2. Prompt Catalog (platform + tenant)

Platform prompts (versioned, eval-gated):

IDUsed ByClassification
tutor.rag.responddelivery-serviceLimited-risk
tutor.explain.conceptdelivery-serviceLimited-risk
tutor.summarize.sectiondelivery-serviceLimited-risk
coauthor.block.generateauthoring-serviceLimited-risk
coauthor.block.improveauthoring-serviceLimited-risk
coauthor.translateauthoring-serviceLimited-risk
quiz.generateassessment-serviceLimited-risk
quiz.distractorsassessment-serviceLimited-risk
rubric.gradeassessment-serviceHigh-risk (EU AI Act)
scenario.nextassessment-serviceLimited-risk
analytics.nl_queryanalytics-serviceLimited-risk
analytics.atrisk.predictanalytics-serviceHigh-risk
analytics.anomaly.explainanalytics-serviceLimited-risk
listing.improvemarketplace-serviceLimited-risk
dunning.personalizebilling-serviceLimited-risk
notif.copy.personalizenotification-serviceLimited-risk
media.image.generatemedia-serviceLimited-risk
media.audio.ttsmedia-serviceLimited-risk
media.stt.captionmedia-serviceLimited-risk

Tenants may add tenant-specific prompts that inherit platform safety policy.

3. Model Registry

FamilyExamples
chatGPT-4o-mini, GPT-4o, Claude Sonnet/Opus/Haiku, Gemini Pro, Llama-3-8B-local
embeddingtext-embedding-3-small, text-embedding-3-large, local BGE
imageGPT-4o-image, DALL·E, Stable Diffusion XL
ttsElevenLabs, OpenAI TTS, local Piper
sttWhisper-large, local Whisper-small
moderationOpenAI moderation, local classifier
classifiercustom classifiers (e.g., prompt-injection detector)

4. Safety Pipeline

Pre-call

  1. Template render with user input; validate against inputSchema.
  2. Moderation (categories: sexual, violence, hate, self_harm, illegal).

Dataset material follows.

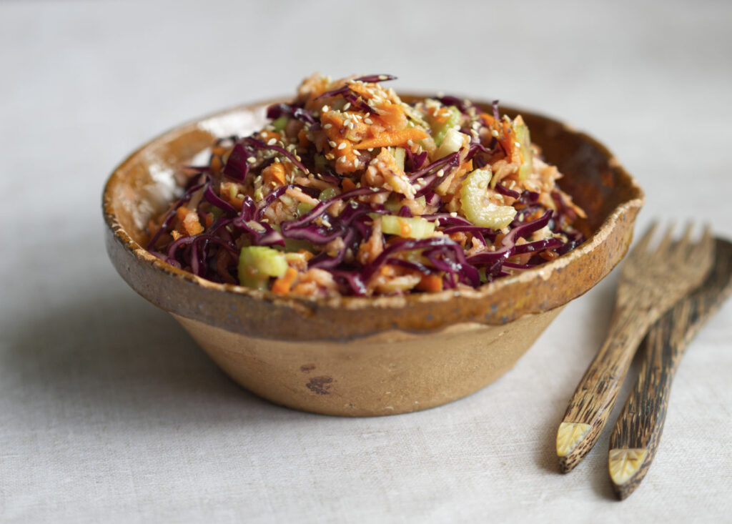 The tangy Asian flavours in this red cabbage slaw recipe are balanced by the sweetness of fresh, seasonal apples. The dressing for this coleslaw, which…
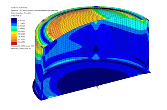 LNG 탱크의 응력 분포도 (SE, 풍하중)

Per-category action.
  3. PII classifier; redact or block per policy.
  4. Prompt-injection shield (heuristic + classifier). If shield mode → sanitize; if detect → score + allow.
  5. Budget check.

Provider call

  • Route via ModelPreference; fallback on provider failure.
  • Strip baggage/trace headers from provider-bound requests (no x-ghasi-* outbound).
  • Configure noTrain.

Post-call

  1. Moderation on output.
  2. Output schema validation (if declared).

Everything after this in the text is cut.